Oleh karena itu, karena selalu merasa bahwa dia menghambat Duge, dia telah merenungkan gaya bertarung yang sesuai, sampai dia menyadari bahwa strategi yang paling jahat ditemukan dalam bentuk-bentuk cinta yang tidak normal itu.
Jika cinta yang bijaksana tidak terkendali, biarkan saja mereka jatuh cinta pada benda mati yang tak bergerak. Sekuat apa pun makhluk itu, mereka tidak bisa kawin lari dengan sebuah planet.
…
“Kumohon.” Duge menatap Birmingham, melesat keluar dari pesawat ruang angkasa, dan berdiri di kehampaan ruang angkasa.
Dewa Perang pun mengikuti jejaknya, berdiri berhadapan dengan Duge.
Duge telah memilih posisinya dengan baik, tepat di belakangnya terdapat salah satu satelit alami Emperor Star, yaitu Emperor Guard One.

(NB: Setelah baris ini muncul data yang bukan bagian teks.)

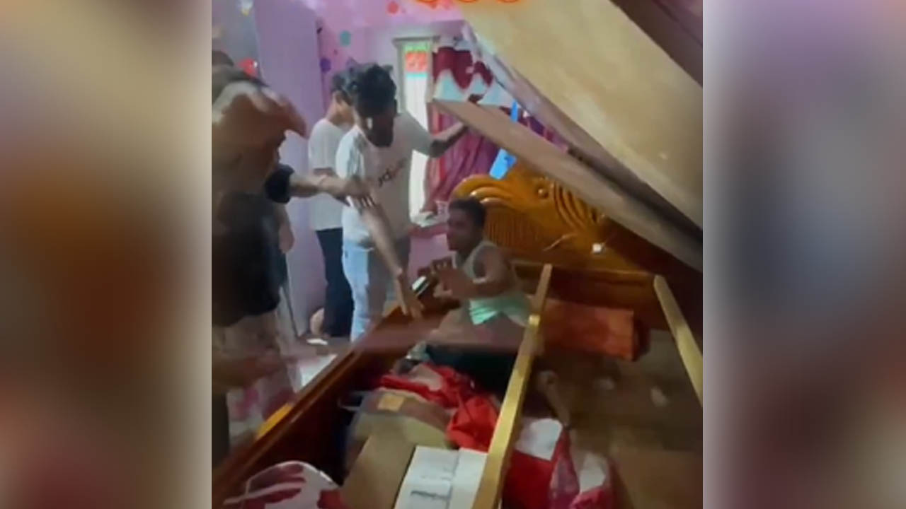 మంచం కింద ఒక యువకుడు దాగి ఉన్నాడు. దీనితో ఆ వ్యక్తిని బయటకు లాగి, అక్కడే ఉన్న వ్యక్తులు కర్రలతో చితకబాదారు. ఈ సమయంలో పలువురు మహిళలు అతనిపై కోపం వ్యక్తం చేస్తూ గొడవకు దిగారు. వీడియోలో కనిపించిన దృశ్యాల ప్రకారం, భర్తకు తెలియకుండా భార్య తన ప్రియుడిని ఇంట్లోకి పిలిపించుకుని మంచం కింద దాచినట్టు సమాచారం. ఈ విషయం భర్తకు తెలియడంతో, అతడు స్నేహితులతో కలిసి అక్కడకు వెళ్లి ఈ దృశ్యాన్ని బయటపెట్టినట్టు తెలుస్తోంది.ఈ వీడియో ప్రస్తుతం సోషల్ మీడియాలో 1.1 మిలియన్ వ్యూస్, 3,700కి పైగా లైక్స్ ను సాధించింది. వీడియోపై నెటిజన్లు కూడా విభిన్నంగా స్పందిస్తున్నారు.

Tatapan Dewa Perang awalnya tertuju pada Duge, tetapi setelah melihat Pengawal Kaisar Satu di belakangnya, pupil matanya menyempit sesaat, dan secercah kekaguman melintas di matanya.
Menyadari ke mana pandangan Dewa Perang tertuju, secercah rasa iba terlintas di hati Duge—kasihan anak itu, dia benar-benar jatuh cinta pada pandangan pertama dengan sebuah planet…
…
Pada level Duge dan Dewa Perang, senjata di pesawat ruang angkasa kesulitan untuk mengenai mereka, apalagi membunuh mereka.
Hanya lawan dengan tingkatan yang sama yang dapat saling melukai.
Memanfaatkan momen ketika Dewa Perang lengah, Duge menggunakan Gerakan Instan, mendekat tepat di belakangnya, menyelimuti tinjunya dengan Kekuatan Ilahi, dan menghantam ke arah jantungnya.